At the other end of the relationship spectrum, we have Rakesh (Ritesh Deshmukh) and Sulochana (Aamna Sharif). She nags him constantly, and he lashes out by dropping in on women who are alone and thrusting something long and red and hard into them. I refer, of course, to the screwdriver he always carries with him. His best buddy (Kamaal R Khan) is even more of a charmer. When his wife brings him a drink, he slaps her because she hasn’t brought any ice. He says they’re middle-class people, sandwiched between the upper and lower classes, and you need to de-stress somehow. This is how he does it, by reducing his wife to a punching bag. She takes it silently, but there are others whose sole function is to spout something that’s supposedly emasculating, and then pay for this “sin” by winding up at the wrong end of that screwdriver. You’d have to look hard for a film that treated its women with more contempt.

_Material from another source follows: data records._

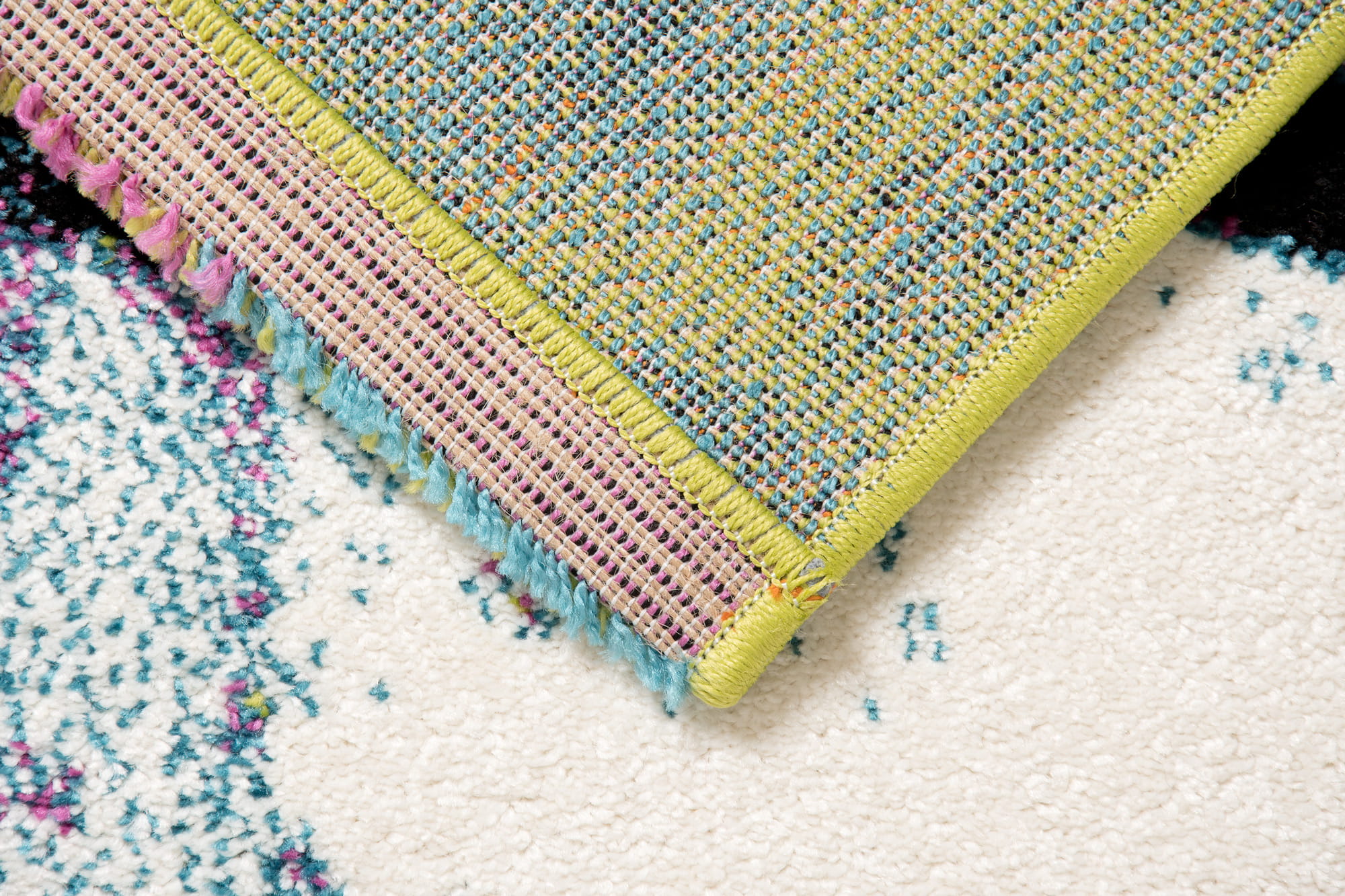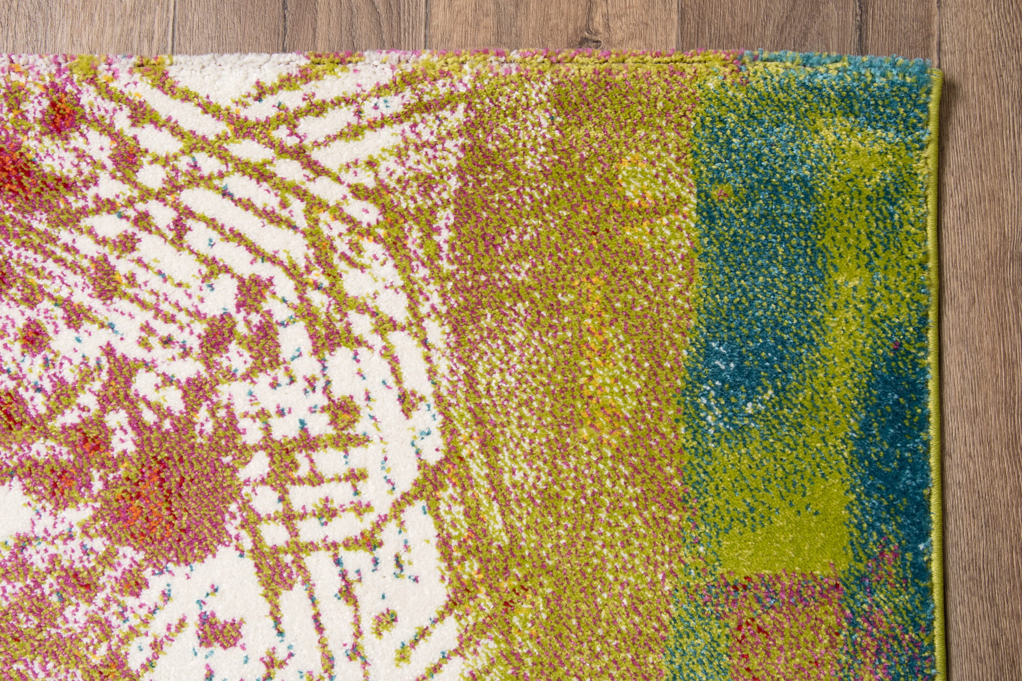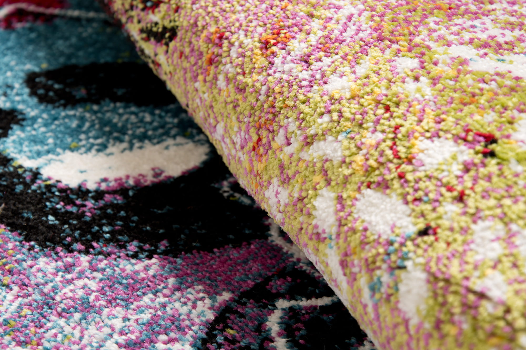 Dywan wyróżnia się gęstym, fryzowanym runem, które jest miękkie, przyjemne w dotyku i wyjątkowo trwałe. Doskonale izoluje od chłodu podłogi, zapewniając komfort i ciepło. Jego intensywne kolory oraz oryginalny wzór dodają wnętrzu charakteru, wprowadzając niepowtarzalny urok.
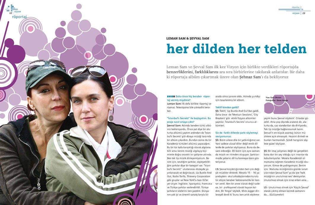 Leman Sam ve Şevval Sam’la yapılan bu söyleşi, Tetra İletişim tarafından, Türkiye Musiki Eseri Sahipleri Meslek Birliği (MESAM) için üretilen “Mesam Vizyon” dergisinin 7. sayısında (Aralık 2007 – Ocak 2008) yer aldı. Esra Okutan tarafından gerçekleştirilen söyleşinin fotoğraflarını Sinan Kesgin çekti. Sayfa tasarımı ve uygulaması Didem İncesağır tarafından yapıldı.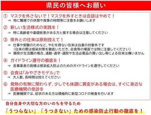 「県外との往来自粛も引き続き要請する。県内の感染状況は落ち着いているものの、国の宣言は継続中で、隣県では変異株が確認されるなど県外で感染が収まっていないため。一方、4人以下、2時間以内としている会食制限や高齢者、障害者施設での面会制限は今月23日で終了し、2月24日(水)から通常の感染対策を徹底した上での行動を求める。」ということです。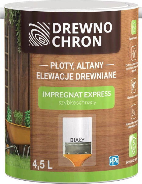 Drewnochron Express jest wysokiej klasy sprawdzonym impregnatem przeznaczonym do zabezpieczania drewnianych konstrukcji znajdujących się na zewnątrz domu. Doskonale pasuje do nieznacznej architektury ogrodowej np. płotków pergoli, ławek drewutni itp. Ponadto idealnie sprawdzi się jako zabezpieczenie np altanek, huśtawek, szop, wiat, ogrodzeń drewnianych itp.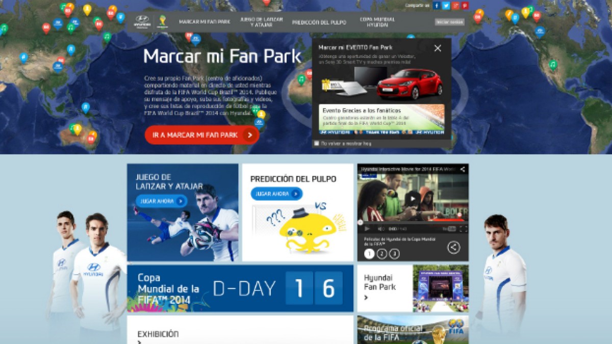 El micrositio también presenta muchos divertidos programas online, tales como el juego ‘Shoot & Save’ donde los jugadores pueden controlar a los embajadores mundiales de la marca Hyundai Motor, en una serie de desafíos para anotar (con Kaka) o atajar (con Casillas) un tiro libre o un penal. Un predictor online, llamado ‘Octopus Prediction,’ desafía a los visitantes a adivinar los resultados de los 64 partidos del torneo. En ambos juegos, los jugadores ganan puntos y pueden ganar premios, tales como guantes de arquero autografiados por Casillas y botines autografiados por Kaka y Oscar. Bajo el concepto de “Social World Cup”, Hyundai Motor se focalizó en desarrollar programas en los que grandes números de fans pueden participar activamente donde sea que estén, utilizando plataformas digitales y servicios de redes sociales. El micrositio (https://worldcup.hyundai.com), va a jugar un rol central como plataforma principal a lo largo de todo el evento.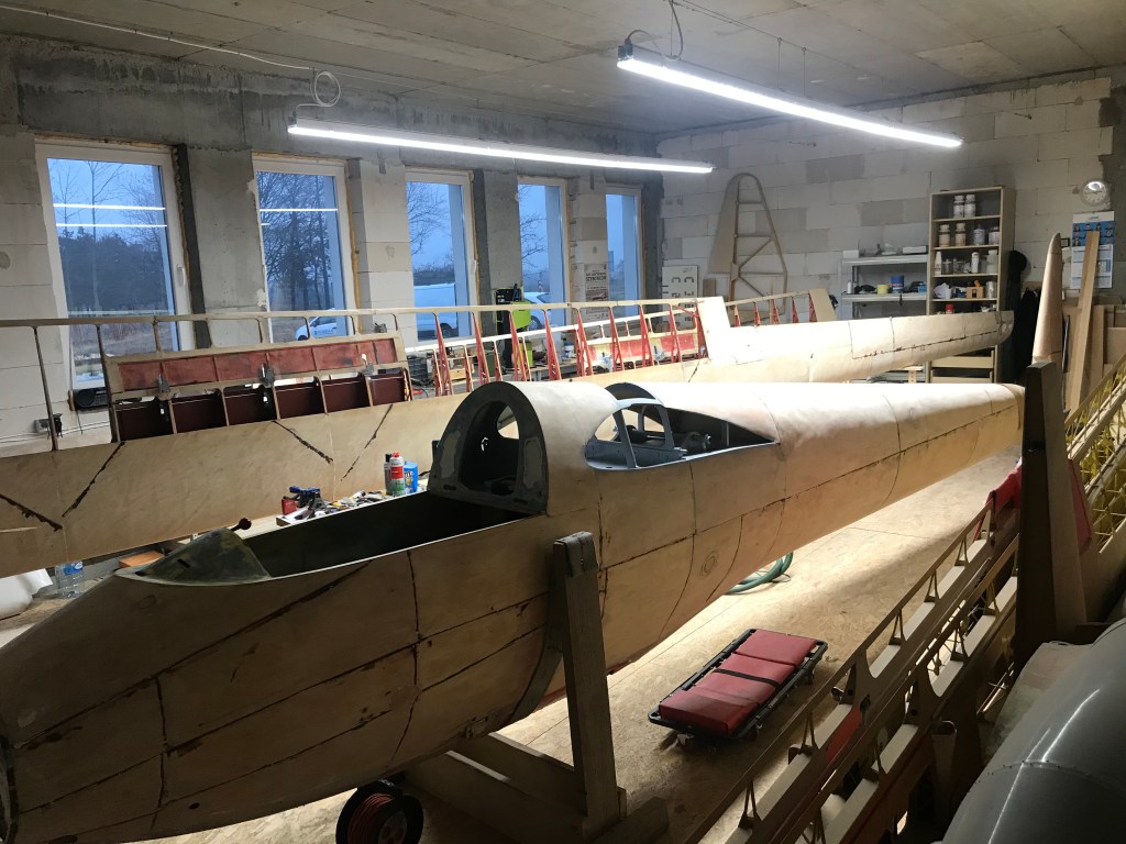 Po remoncie skrzydeł kolej na kadłub i usterzenie. Usunięto pokrycie gdzie po kilku warstwach lakieru udało się odkryć oryginalne kolory. Następnie po demontażu wszystkich części metalowych wykonano ich kontrolę i renowację.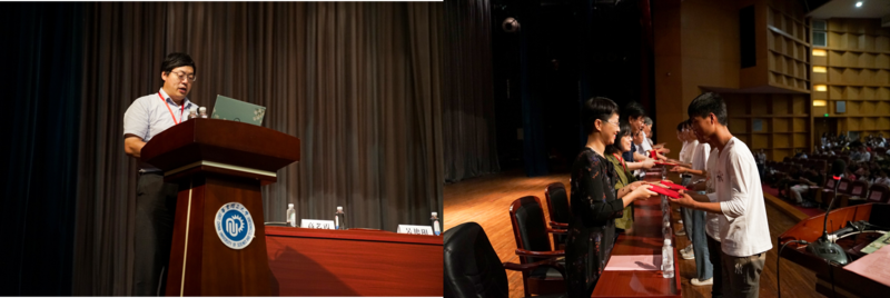 新老传承,感恩奉献。2018级学生代表时浩博和新生代表于清平相继分享自己的成长经历。时浩博希望学弟学妹们能够在未来的生活中勤于思考,用青春诠释誓言,以奋斗去寻找属于自己的答案谱写人生的辉煌。作为学校励志明德班一员的于清平,带着刚刚进校的懵懂和一往无前的锐气,勉励所有新生要有信心,有勇气,有梦想,有目标,记住新时代的使命与担当,不仅仅是海阔天空的追梦者,还要做脚踏实地的圆梦人。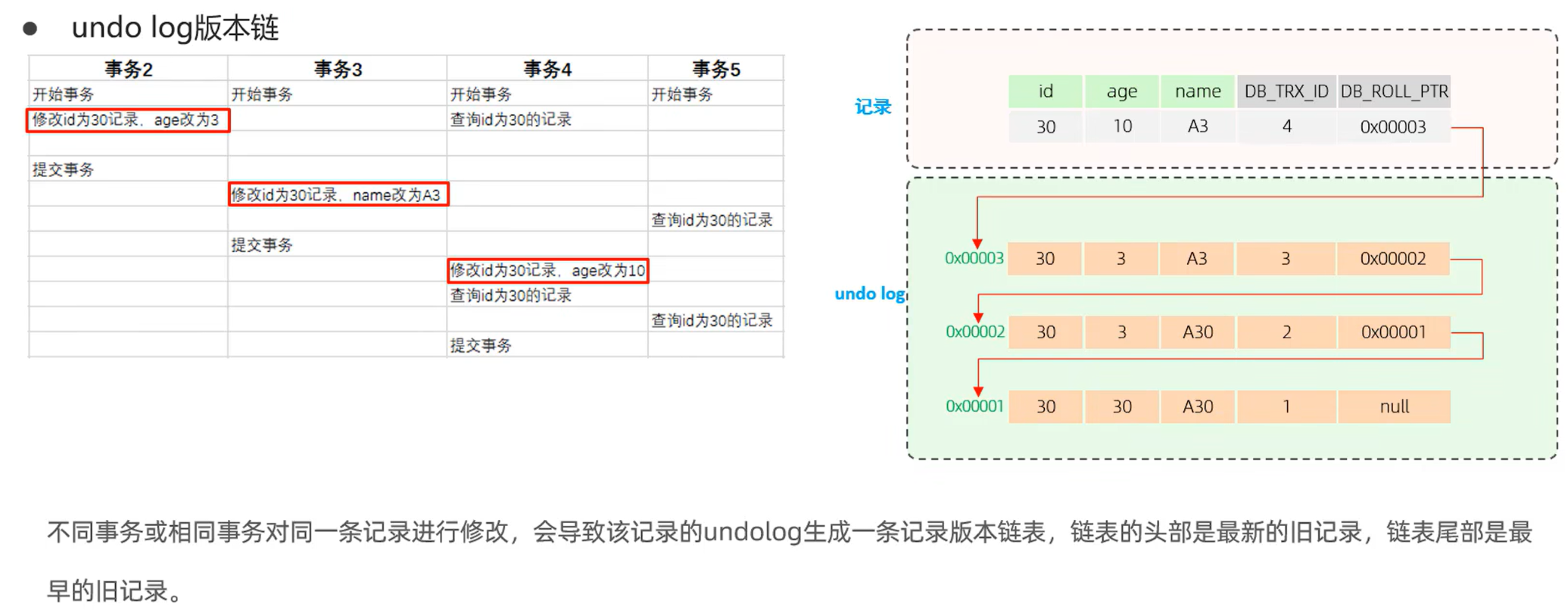 DB_TRX_ID和DB_ROLL_PTR。 - 修改操作会在 Undo Log 中创建历史版本,形成版本链。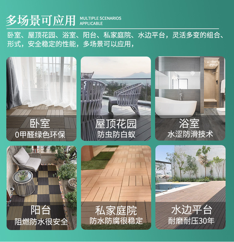 户外工程可用塑木地板庭院公园天台防火防滑防霉防水装饰板易拼接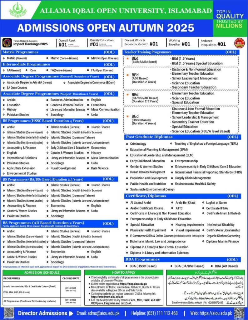علامہ اقبال اوپن یونیورسٹی – داخلہ خزاں سمسٹر 2025

It’s probably no surprise that Ek Villain is so bad. It was bound to happen. The law of averages had to catch up with Suri, who, if nothing else, is a good craftsman, a solid storyteller. So a single dud after a series of respectable dramas isn’t the end of the world. The surprise is that Suri found this material interesting in the first place. The story, I hear, is filched from the South Korean thriller I Saw the Devil, but there’s nothing startlingly original about it – at least, nothing that you have to import from South Korea. It’s the standard you-killed-someone-close-to-me-and-now-I’m-going-to-make-your-life-hell crap – imagine Ghayal with Sunny Deol as a gangster and Amrish Puri as a serial killer. Knowing Suri, there are a few nice lines (“Shaitaan se dosti karega to ek na ek din tere darwaze par dastak dega hi!”) and some deft Indianisation (a mother’s curse comes true), but not nearly enough to make us sit up and care.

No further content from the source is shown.